▸ INFORMATION SUPPLIED:
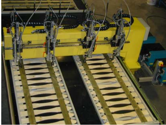
Producten worden manueel ingelegd in een kaliber Les produits sont positionnés dans des drageoirs spécifiques The wooden products are positioned manually in dedicated molds Die Holzprodukte werden manuell in einem Kaliber eingelegt
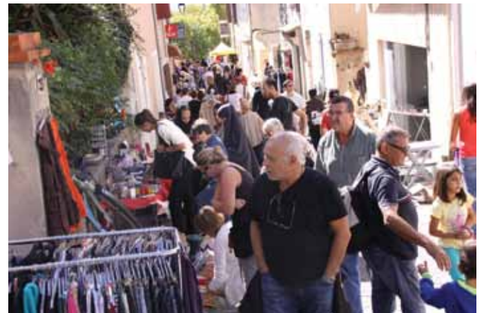
●●● Brocante, collectionneurs, artisanat au programme de la Foire aux objets d'hier et d'aujourd'hui, le 20 septembre, au vieux village.
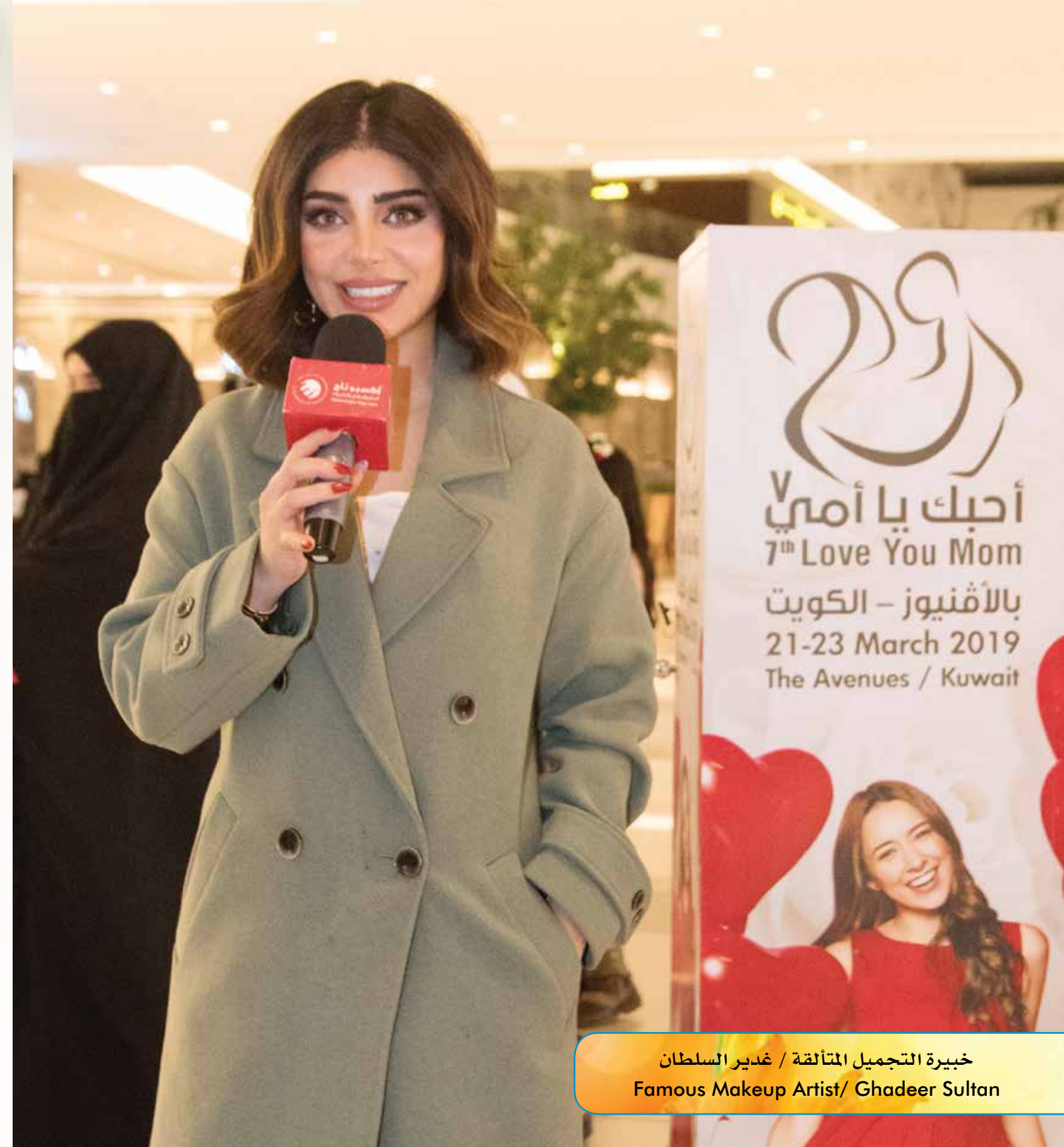
خبيرة التجميل المتألقة / غدير السلطان Famous Makeup Artist/ Ghadeer Sultan
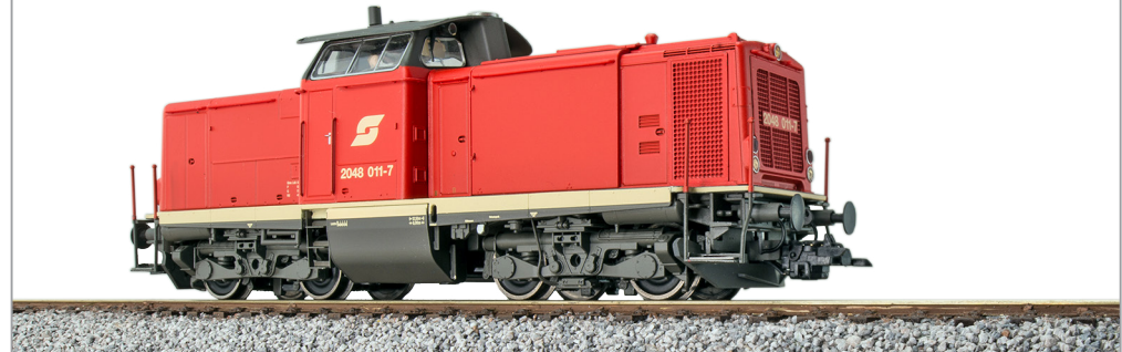
31574 , Diesellok, H0, 2048 011 ÖBB, rot, Ep. V, Vorbildzustand um 1992, LokSound, Rauch, Kupplung, DC/AC

▸ WHAT IS BEING ASKED:
An exact copy of the lines from the line containing "خبيرة التجميل المتألقة" through the final line of the listing, without pictures, is the expected result.

▸ EXERCISE OUTPUT:
خبيرة التجميل المتألقة / غدير السلطان Famous Makeup Artist/ Ghadeer Sultan
31574 , Diesellok, H0, 2048 011 ÖBB, rot, Ep. V, Vorbildzustand um 1992, LokSound, Rauch, Kupplung, DC/AC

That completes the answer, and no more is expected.